[Records provided Boundary: Start]

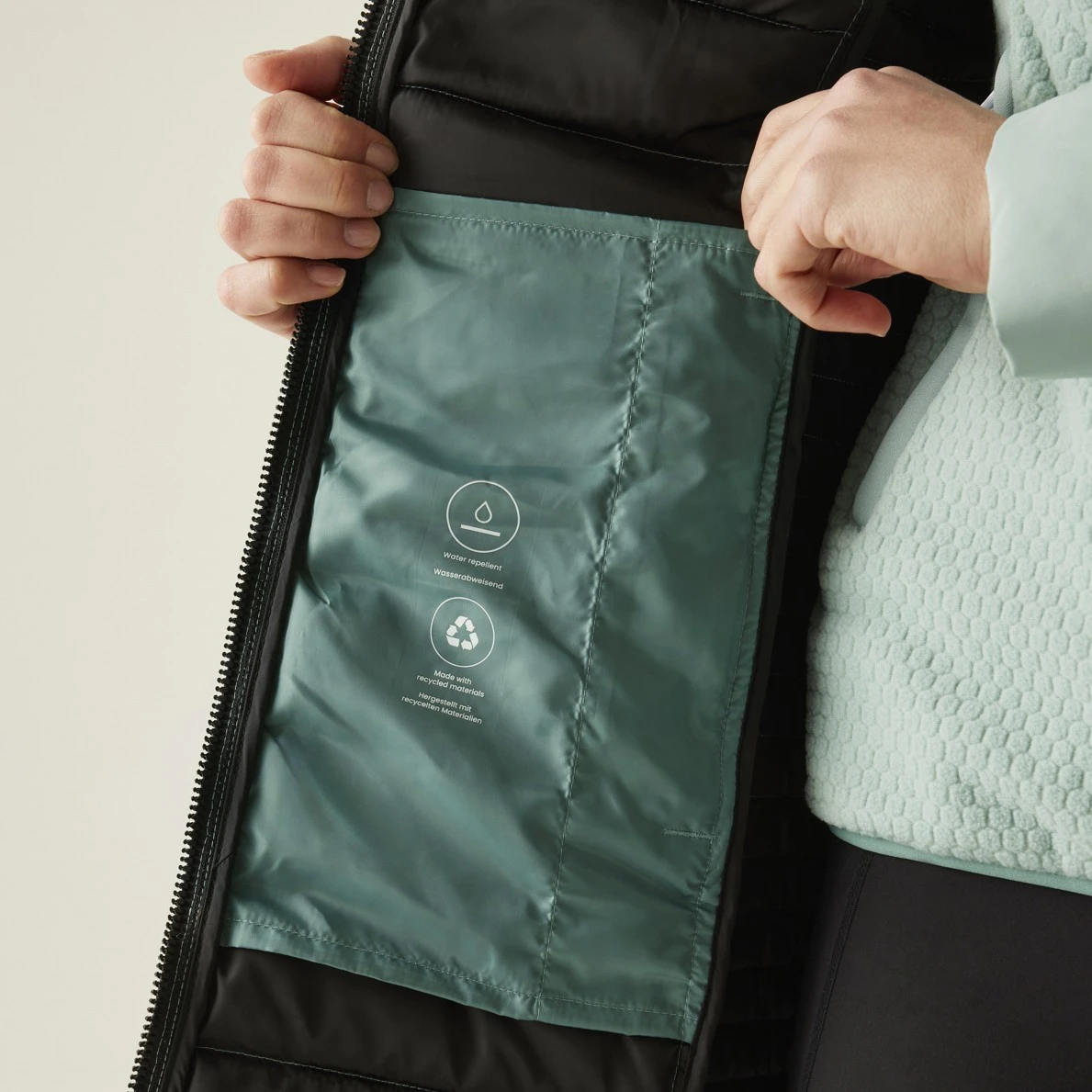 Vrhunska reciklirana sintetička izolacija gramaže 200 g/m² pruža ugodnu toplinu bez upotrebe perja. Izdržljiva vodoodbojna obrada dodatno štiti od vlage i lagane kiše.
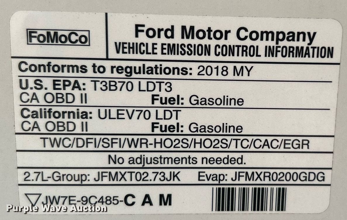 2018 Ford F150 XLT SuperCrew pickup truck. Miles: 147,190 on odometer, VIN: 1FTEW1CP3JKD02360, Unit #: 102066. Engine Displacement: 2.7L V6 DOHC, Cylinders: 6, Fuel type: Gas. Transmission Automatic. Interior AC, Heat, Seat: Power driver, Power passenger, Power windows, Power locks, Cruise control, Backup camera. Tires Size: 265/60R18. Oklahoma title. Title distribution may be delayed up to 14 days from verification of funds. TLS Group, Inc.. 1326 West 37th Place. Tulsa, OK 74107
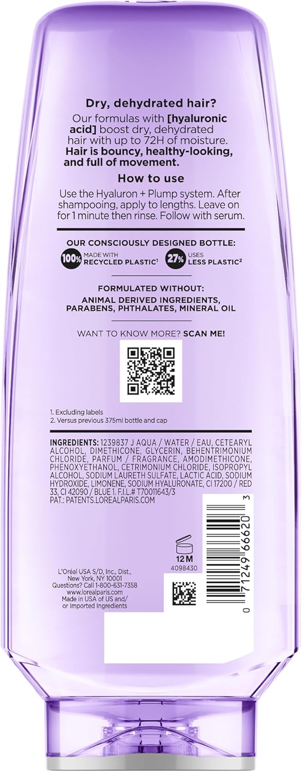 L’OREAL PARIS Elvive Hyaluron Plump Hydrating Conditioner for Dehydrated, Dry Hair Infused with Hyaluronic Acid Care Complex, Paraben-Free, 12.6 Fl Oz
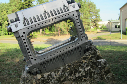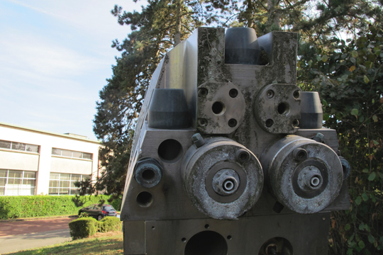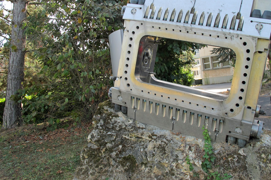 Ce qui est intéressant, ici, c’est la décision et le geste (l’artiste collectif est anonyme, mais anonyme aussi le collectif qui décida, plutôt que de ferrailler l’objet, de l’enclaver sur son socle, et que ce soit fait à l’oblique. C’est cela, peut-être, plus que le fonctionnement des anciennes chambres à bulle, qu’il aurait fallu mettre sur panneau explicatif.
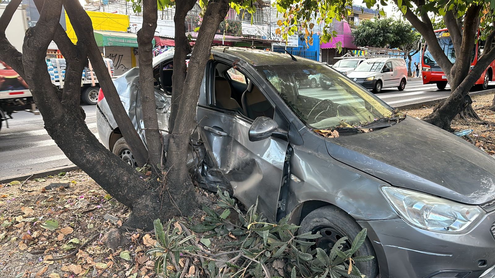 Aveo siniestrado en aparatoso choque sobre 8 de Julio
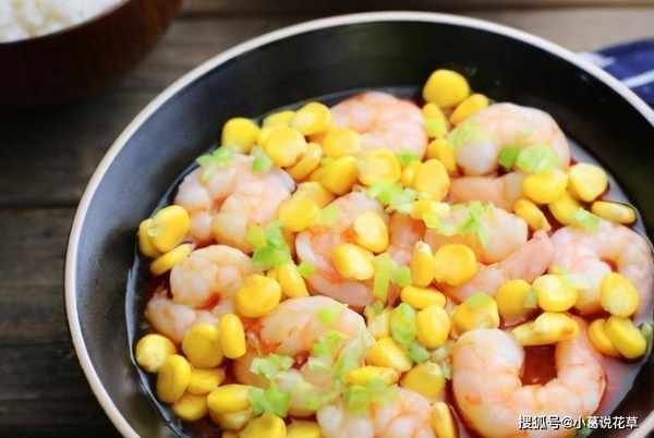 材料:雞蛋、蝦仁、熟玉米粒、洋蔥、鹽、生抽、香油
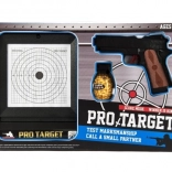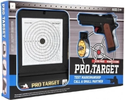 Privlačna embalaža PRO-TARGET na prvi pogled prikazuje vsebino – pištolo, tarčo in prostor za municijo, idealno kot darilo.
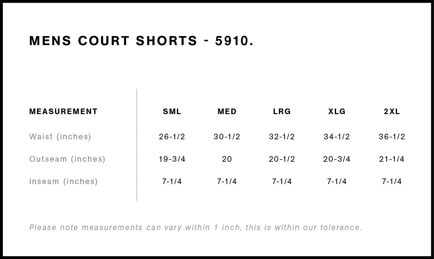 Side splits at hem, elastic waistband, white drawcord with metal tips, preshrunk to minimize shrinkage
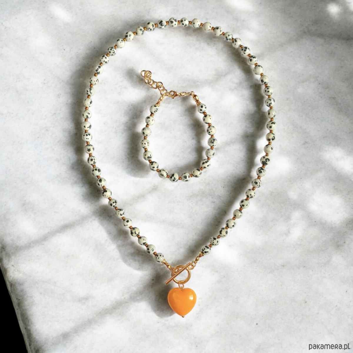 RAZEM TANIEJ : jaspis dalmatyński i serce : miodowe : komplet
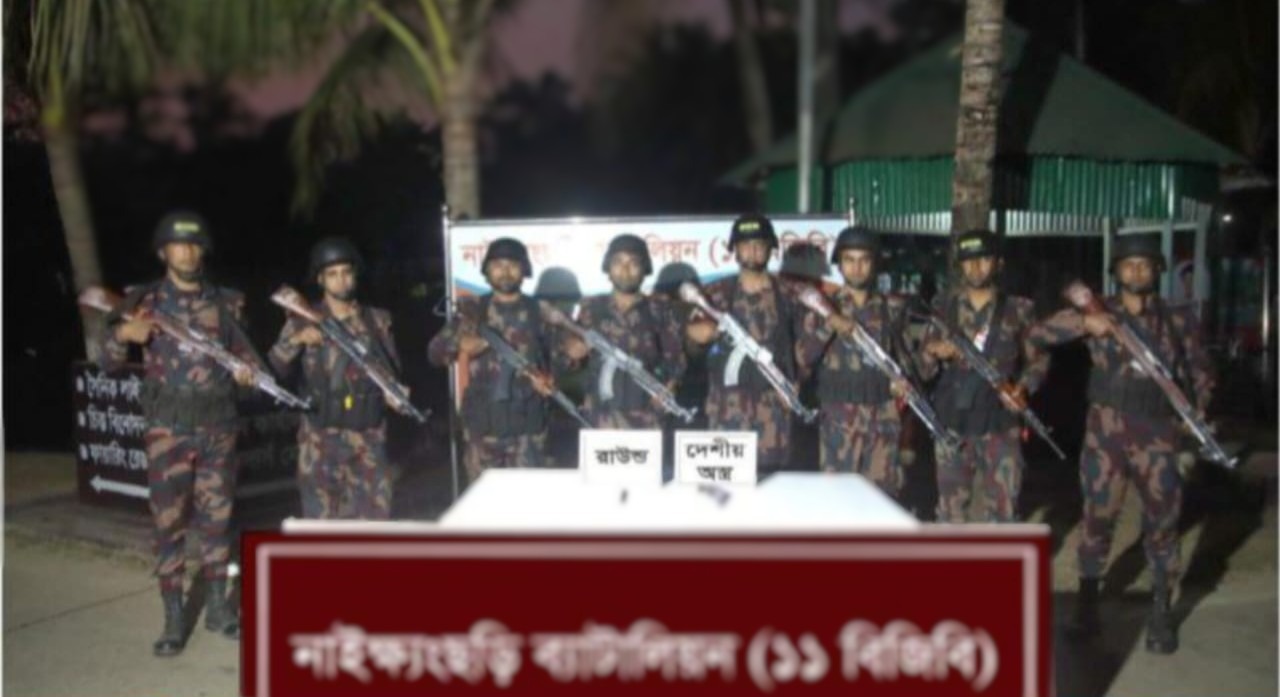 বুধবার ((১২ ফেব্রুয়ারি) সকাল ও বিকেলে পৃথক অভিযান চালিয়ে নাইক্ষ্যংছড়ি ব্যাটালিয়ন (১১ বিজিবি) এর অধিনায়কের নেতৃত্বে অধীনস্থ ভালুখাইয়া বিওপির দায়িত্বপূর্ণ এলাকায় রাবার বাগান নামক স্থান বিকেলে উদ্ধার করে মালিকবিহীন১টি দেশীয় অস্ত্র এবং ১ রাউন্ড গুলি। উদ্ধারকৃত অস্ত্র এবং গুলি নাইক্ষ্যংছড়ি থানায় হস্তান্তর ও পলাতক আসামিদের বিরুদ্ধে মামলার কার্যক্রম প্রক্রিয়াধীন আছে।
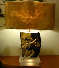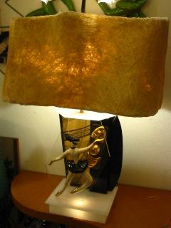 | ハーレクイン&ツーフェイスデコ付 モスランプ / 40-50年代 シェードランプ へディスクープの陶器製ハーレクインダンサーデコ付きモスランプ。バックパネルはファイバーグラスシェード材のパネルとブラックアクリルパネルで、ツーフェイスデコレーションはスイッチで回転します。モスランプならではの独特のヘアシェードに半透明アクリルベースで本体ランプとベースランプのダブルライトアップ。電源は家庭用コンセント対応コードで、スイッチは上下それぞれ別に付いています。ベースランプ用スイッチは3 way( ベースランプ・回転ツーフェイス・両方・OFF )になります。 |
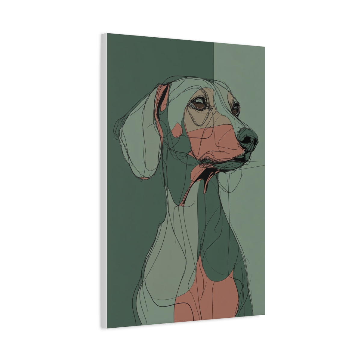 Ten obraz to nowoczesna, abstrakcyjna interpretacja jamnika, wykonana w stylu line art z geometrycznymi wypełnieniami. Swobodna, szkicowa linia kontrastuje z płaskimi plamami koloru, tworząc efekt z pogranicza rysunku i grafiki cyfrowej. Dominują przygaszone odcienie zieleni, szałwii i pudrowego różu, co nadaje pracy elegancki, wyciszony charakter. Kompozycja jest dynamiczna, ale jednocześnie minimalistyczna, co sprawia, że obraz intryguje i przyciąga uwagę swoją nietuzinkową formą.

[Records provided Boundary: End]

- Task goal: The lines to reproduce run from the one above containing "材料:雞蛋、蝦仁、熟玉米粒、洋蔥、鹽、生抽、香油" through the one containing "RAZEM TANIEJ : jaspis". Copy them exactly and leave out all pictures.

- Your response:
 材料:雞蛋、蝦仁、熟玉米粒、洋蔥、鹽、生抽、香油
 Privlačna embalaža PRO-TARGET na prvi pogled prikazuje vsebino – pištolo, tarčo in prostor za municijo, idealno kot darilo.
 Side splits at hem, elastic waistband, white drawcord with metal tips, preshrunk to minimize shrinkage
 RAZEM TANIEJ : jaspis dalmatyński i serce : miodowe : komplet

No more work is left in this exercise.